法国大革命对人类历史的主要贡献是什么?以往传统的大革命史学认为是在经济和政治上为现代资本主义社会创立了一个杰出的榜样(这主要是已故当代法国历史学家阿尔贝·索布尔的论点,我国史学界对此十分熟悉),但最近人们多不再这样看了。美国著名法国革命史专家林·亨特教授的这段话实际上反映了当今西方史学界对这个问题的普遍看法:
革命在法国对经济的成长或政治的稳定所起的作用微乎其微,它所确立下来的毋宁是民主共和的动员潜能和革命演变的惊人强度,它给后世留下的最显著的遗产是民族新生的语言、平等博爱的姿态和共和主义的礼仪,以及民主、恐怖、雅各宾主义、警察国家之类的政治方面的术语、习惯、观念模式和行为样式。[1]
——这也就是说,法国大革命对人类历史的主要贡献其实是文化方面的,即创造了一种人类历史上前所未有的新政治文化。
这种新政治文化究竟有着怎样的内涵,至今恐怕还没有人能够说得很清楚、很全面(尽管国际史学界已经为之付出了十多年的研究努力)。但是,这种新政治文化的存在及其对世界历史的重大影响,却是不争之事实:因为很显然,法国大革命以后世界历史上的许多重大革命运动,如18世纪末和19世纪初的拉美独立革命,1848年的欧洲革命,1905和1917年的俄国革命,1905—1911年的伊朗革命,1908—1909年的土耳其革命,1910—1917年的墨西哥革命,乃至20世纪的中国革命等等,不同程度上都是用法国大革命的语言说话并按法国大革命的方式行事的。列宁曾公开声称雅各宾派是俄国布尔什维克的先驱,而戈尔巴乔夫倡导的“公开性”、“透明度”等原则,也还是雅各宾派当年的政治口号;无产阶级革命的象征——红旗,始源于法国大革命时代风行一时的“小红帽”这个革命政治的象征物;世界政治至今还在习用“自由平等博爱”、“革命”、“反革命”、“左派”、“右派”、“祖国”、“民族”、“恐怖”、“反动”这一类法国革命者创造或赋予了新义的词汇……如此例证,俯拾即是。
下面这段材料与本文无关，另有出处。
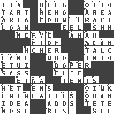 ACROSS 1. Call ___ day 4. Cassini of fashion 8. "Beetle Bailey" pooch 12. Small pie 14. San ____ (Riviera town) 15. Length times width 16. Operatic vocal solo 17. Act in opposition 20. Rich soil 21. Snakelike fish 22. Quiet! 23. Boldness 27. Nursemaid 29. Flintstone garb 31. Examine hastily 34. Home run 35. Baby powder 36. Unable to walk 39. Dreamland 41. To the inside or interior of 42. Needle case 43. Drug addict 46. Backtalk 47. Writer Wiesel 48. Inactive volcano in Sicily 51. Portable shelters 54. Was introduced to 56. Followers of ems 58. Pig sound 61. Pleas 66. NW Algerian seaport 67. The content of cognition 68. Does sums 69. False hair 70. Characteristic smell of wine 71. State of inaction 72. Perceive with the eye DOWN 1. Slanted text style (abbr.) 2. Edible starchy tuberous root 3. Believer in; advocate of (suffix) 4. The grampus (Milton) 5. Lion 6. Australian flightless bird 7. Went 8. Boat paddle 9. File 13 10. Technical 11. Pledge 13. Not wild 18. Afternoon social gathering 19. Shade tree 24. 17th letter of the Greek alphabet 25. Zeal 26. Genesis locale 28. Moving or stirring 30. Wear away 32. The first octave above the treble staff 33. Non-commissioned officer (abbr.) 34. Robbery 36. French article 37. "One Day ___ Time" 38. French bagpipes 40. Dunce 44. Sliced dessert 45. Car or cant ending 49. Born 50. Santa ___, CA 52. A blast of a horn 53. Fathers 54. Chow _ 55. Inside; within (prefix) 57. Play the lead 59. Nathan's nickname 60. Leg joint 62. Actress Charlotte 63. Binary compound 64. Begley and Asner 65. Fast jet (abbr.)

看来法国大革命的世界意义主要就在于向世界提供了一套影响极为深远的政治文化。这也许是一个不大会引起争议的事实判断。然而,如果要进一步对这种政治文化作一个价值判断(即断定它究竟是好还是坏,对人类历史的影响是消极的还是积极的)的话,事情就要复杂一些了。这牵涉到对大革命本身的评价问题,而事实上史学界对这个问题历来就是意见纷纭、仁智互见的,左、中、右各派看法都有,任何一概而论的企图都难免受到诘难。实际上大革命的政治文化本身就是一个带有甚至充满自相矛盾的体系,这在林·亨特为其诸要素列举出的那个远非完全的清单中,就已经有所表露了。所以对这个问题的回答不可简单化,而必须根据实际情况作具体分析。
在我们看来,对这个问题至少应从一般和具体这两个层面上来回答。从一般的意义上说,我们坚持认为法国大革命政治文化的世界影响是积极的——因为它以一种空前强有力的高姿态倡扬了“民主”的政治价值,而这种倡扬在本质上是符合大革命时代以来具有全球普遍性的反君主专制的历史需要或历史发展趋势的。也正是法国大革命,在全球范围内掀起了一股虽然曲折多咎但却是任何保守势力最终都无法抗拒的政治民主化潮流。按美国历史学家斯塔夫里阿诺斯的一个很雄辩的说法,就是:“法国革命不仅标志着资产阶级的胜利,而且标志着以往一向蛰伏着的民众的充分觉醒。……这些人以往长期待在舞台两侧,这时大踏步地走到舞台前方,此后就一直留在那里。换句话说,正是在法国,世界首次强烈地、清楚地感到了至今仍在我们脚下隆隆作响的地震。”[2]应当说,这一事变进程基本上是件好事,因为真正的政治民主化本质上是符合人类共同利益的。